I have no doubt that the professional lab set ups, with their emphasis on simplicity, cleanliness and readily controlled food, temperature and humidity, provide the best environment for raising the little critters, and they have the added advantage of never being mistaken for a natural environment.

One of the hallmarks of an ecosystem is change. Where that change is severely limited, as on a small island, the system tends to be stultified. You mention spiders as predators of young mantids. I don't know about jumping spiders, but early-instar nymphs are particularly vulnerable to small web spinners, but as they grow, the nymphs turn the tables on the spiders who are forced to "flee the area". This example, one of many, is given in two excellent articles/chapters on mantis ecology in the Prete book. If you don't have it, I have two pieces of good new. First, now that it is eleven years old, the price has dropped to around $20 on Ebay (thanks again, Mike) and only slightly more on Amazon. Still too expensive? Google "Ecology of Praying Mantids" Hurd and "The ecology and Foraging strategy of Tenodora angustipennis" Matsura . The Prete book has become a Google book, but it is most easily accessed by chapter headings and you can read them for free! You will find these very interesting. T. matsura is my mantis ecology hero, and if you P.M. me after reading his chapter, I can give you refs to articles specifically on mantis predation in a given environment.

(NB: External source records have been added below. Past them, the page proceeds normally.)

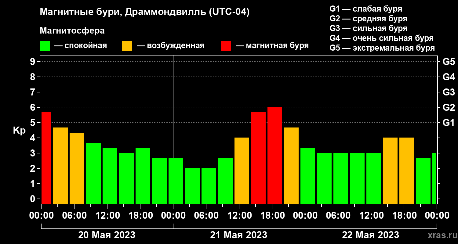 Магнитные бури в Драммондвилле 22 мая 2023 года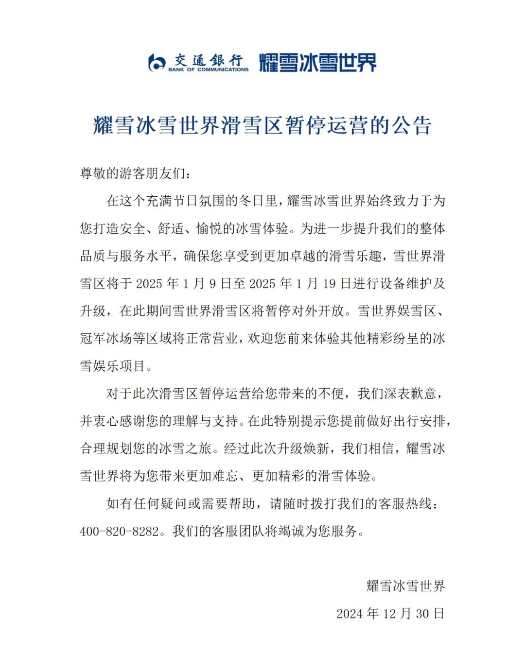 对于此次滑雪区暂停运营给您带来的不便,我们深表歉意,并衷心感谢您的理解与支持。在此特别提示您提前做好出行安排,合理规划您的冰雪之旅。经过此次升级焕新,我们相信,耀雪冰雪世界将为您带来更加难忘、更加精彩的滑雪体验。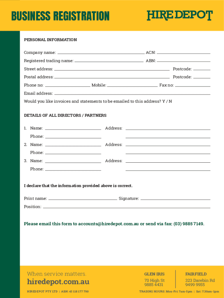 Anyone who runs or owns hiredepot or is legally responsible for managing its operation requires business information.

Good luck and Good reading!

BTW, the 7pounder (standard field gun at the time was a 9 pounder), jointed, rifled, muzzle loading, black-powder "screw gun', so called because the breech and barrel (and just about everything else, come to that) were carried separately and screwed together with a trunnion hoop, was deployed in the 1880s in Afghanistan in much the same terrain as that used by American combat troops today. It weighed 400lbs and needed another 400lbs of "extras" like ammunition, and was carried on mules, but on arrival, everything was offloaded, the barrel and breech screwed together, wheels mounted, gun loaded and set up for the first shot in under one minute!